I suppose you’ve heard about the biblical miracle of the loaves and the fishes?

And what about Jack’s magical beans? I’m sure you’ve heard something about that.

But the stupendous multiplying garlic plants in my garden this summer? You probably haven’t heard that one.

Garlic is a rather new arrival in our garden. I think this year’s harvest is our fourth.

We like growing it because, well, we like garlic. Also, it’s incredibly easy to grow. You dig rows of little holes in the fall, drop a clove of garlic in each one, cover them up and wait for spring, when plants start to grow.

At some point a shoot takes off from the middle of the plant, develops a bulge somewhere close to the end and grows into a curl.
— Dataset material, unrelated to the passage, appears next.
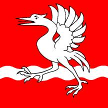 Gules, a Barrulet wavy Argent abased and overall a Crane rising of the last.
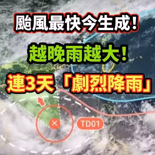 快訊 / 颱風最快今生成!越晚雨越大,連3天「劇烈降雨」!

That’s called a garlic scape, and you have to cut them off once the curl is complete. Not only does doing that help the garlic plants grow better, but the scapes are good to eat — cut up in salads, cooked up in stir fries or even whizzed up in a food processor with olive oil and parmesan cheese, frozen into cubes and saved to add to soups and other dishes during the cold winter months.

We have a friend who grows garlic on his farm and were horrified to discover he was cutting off his scapes and throwing them in the bush. He’s now under strict orders to give us all his scapes — which he does.

Anyhow, garlic is my kind of garden project. Plant 48 garlic cloves in the fall and pull 48 garlic bulbs out of the ground the next summer.

Except this year.

This summer, after planting 48 garlic cloves last fall, we recently pulled 72 garlic bulbs out of the ground.

According to the woman who sells garlic at our farmers’ market, those bulges that develop on the scape contain a bunch of tear-drop shaped bulbils, that if planted will grow into small round garlic bulbs that aren’t divided into cloves. And now that she mentioned it, yes, a lot of this year’s extra garlic bulbs were small and round and weren’t divided into cloves.

Even though we thought we had dutifully collected all our scapes, we must have missed some or dropped them on the ground.

So that’s the scientific explanation for what happened. I prefer to tell anyone who will listen about our August garlic miracle.